To help keep pace with all of the election coverage on the 24/7 news channels, Jed has been archiving closed captioning data. However, the sheer volume of text makes it hard to analyze.
In this diary, I'll show several automatically generated images (word clouds) that I created that highlight the prevalence of certain words in election coverage on these three channels; the analysis is over the last week's worth of closed captioning feeds. Let's look at the top 20 words on CNN, MSNBC, and Fox News (from left to right):
A recent study from George Mason University found that in major network news coverage "28% of the statements were positive for Obama and 72% negative" whereas for McCain "43% of the statements positive and 57% negative". (The fact that coverage for both of them is more than 50% negative isn't that surprising - it's easy for pundits to tear into candidates.) It's hard to determine using a purely automated analysis whether references to Obama or McCain were positive or negative, but if we combine the GMU study with this one, it becomes plainly obvious that Obama gets the short end of the media stick: not only is Obama talked about far more in the media, but the majority of that coverage is negative.

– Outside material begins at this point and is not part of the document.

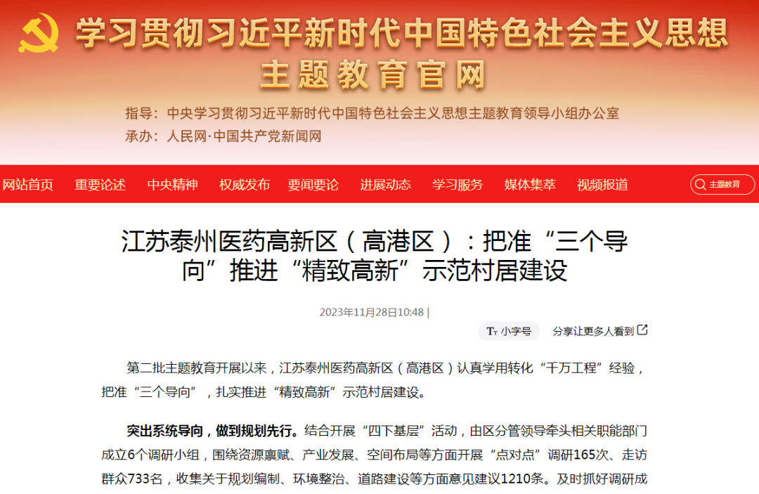 第二批主题教育开展以来,江苏泰州医药高新区(高港区)认真学用转化“千万工程”经验,把准“三个导向”,扎实推进“精致高新”示范村居建设。

Keeping that in mind, note how MSNBC has the most "balance" (relatively speaking) between "Obama" and "McCain" and Fox News has the least balance. In addition, it's possible that Fox News also references Obama by his full name (or first name) more often than the other networks, which causes "Barack" to be the third most common word.

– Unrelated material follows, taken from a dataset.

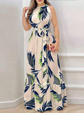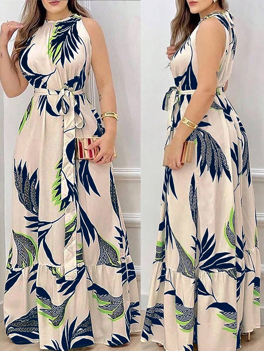 Alonic Fab Women's Casual Sleeveless Dress with Botanical Print

Next, let's look at our favorite feuding TV hosts, Keith Olbermann and Bill O'Reilly, and let's throw in Wolf Blitzer as well (left to right):
The image is a bit damning for Bill O'Reilly - his coverage is far more singularly focused on Barack Obama than Keith Olbermann's is on McCain. Wolf Blitzer ends up around the media's average, which means he's skewed towards more (negative) coverage for Obama.
Finally, let's look at Anderson Cooper, Chris Matthews, and Sean Hannity:
Interestingly, it seems that both Anderson Cooper and Chris Matthews still like talking about Bill and/or Hillary Clinton fairly often in their election coverage, whereas Hannity doesn't. (However, Fox News coverage does tend to include the Clintons a fair bit, as the overall image shows.)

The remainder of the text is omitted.